Would you reproduce the whole listing exactly, dropping any pictures it holds?

■ **Dataset extract**:
+ + +

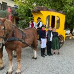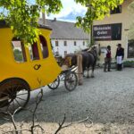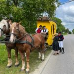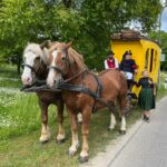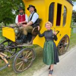 Fotos: Sattlberger – Eindrücke vom dritten Streckenabschnitt der Historischen Postkutschenfahrt von Regensburg zum Samerberg mit Halt beim Huberwirt in Hebrontshausen – u.a. mit den Kutschern Hubert Kirchmair (li.) und Didi Kraus sowie mit den Begleitern Marianne Stadler und Fritz Kern.
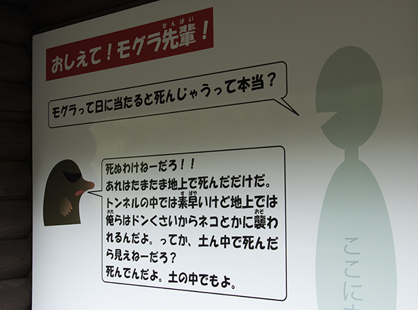 小屋の中に土入りのケースとパイプが張り巡っていて、動くモグラを観察できる。モグラを探すのがかなり楽しい。
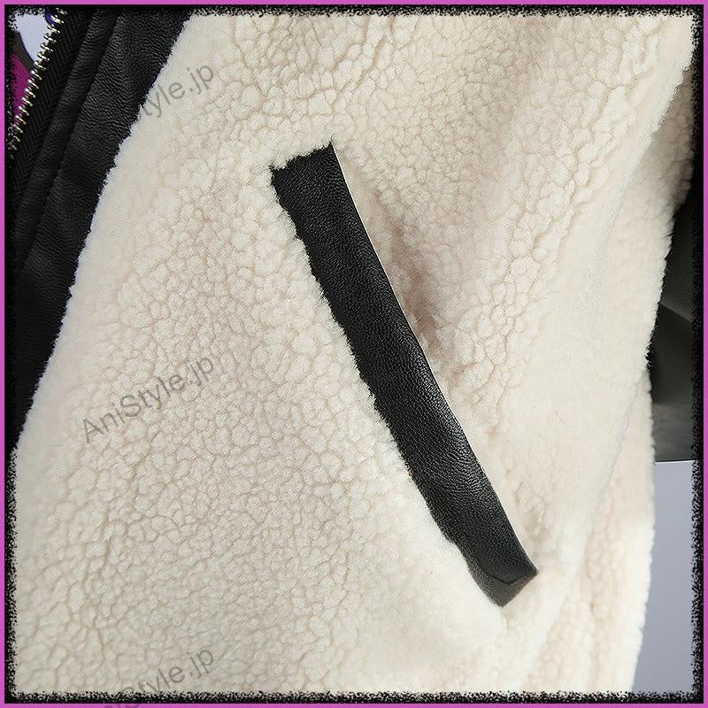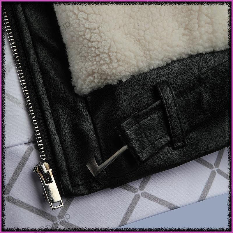 ▼ジャケットフリースとレザーで製作しています。胸に星の装飾が施されて、袖に黒を基調としてかっこいいです。
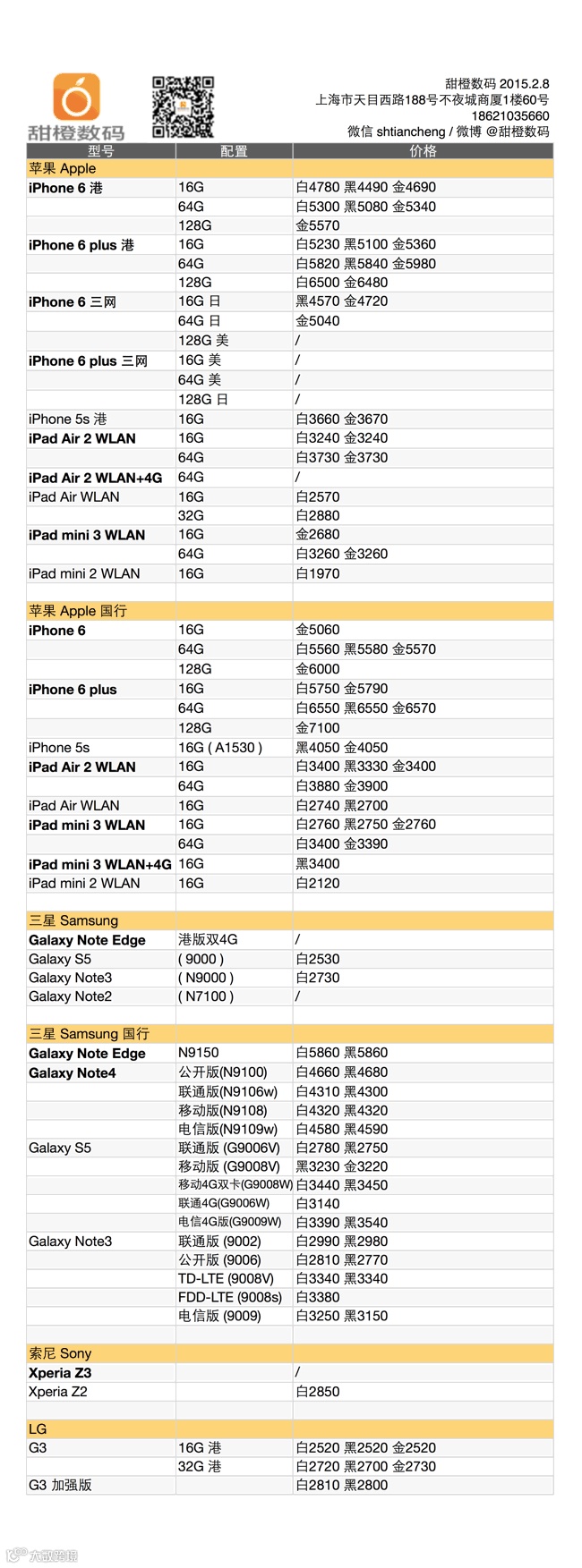 iPhone 6 及 plus 的反弹今天告一段落,大部分型号均有 1、20 的回落,国行版稳定,日版持续小涨,美版无货;三星 Galaxy Note 4 是唯一的上涨型号,Galaxy Note 3 和 Galaxy S5 均稳定;iPad Air 2 和 iPad mini 3 有小幅反弹。

+ + +

■ **Response below**:
 Fotos: Sattlberger – Eindrücke vom dritten Streckenabschnitt der Historischen Postkutschenfahrt von Regensburg zum Samerberg mit Halt beim Huberwirt in Hebrontshausen – u.a. mit den Kutschern Hubert Kirchmair (li.) und Didi Kraus sowie mit den Begleitern Marianne Stadler und Fritz Kern.
 小屋の中に土入りのケースとパイプが張り巡っていて、動くモグラを観察できる。モグラを探すのがかなり楽しい。
 ▼ジャケットフリースとレザーで製作しています。胸に星の装飾が施されて、袖に黒を基調としてかっこいいです。
 iPhone 6 及 plus 的反弹今天告一段落,大部分型号均有 1、20 的回落,国行版稳定,日版持续小涨,美版无货;三星 Galaxy Note 4 是唯一的上涨型号,Galaxy Note 3 和 Galaxy S5 均稳定;iPad Air 2 和 iPad mini 3 有小幅反弹。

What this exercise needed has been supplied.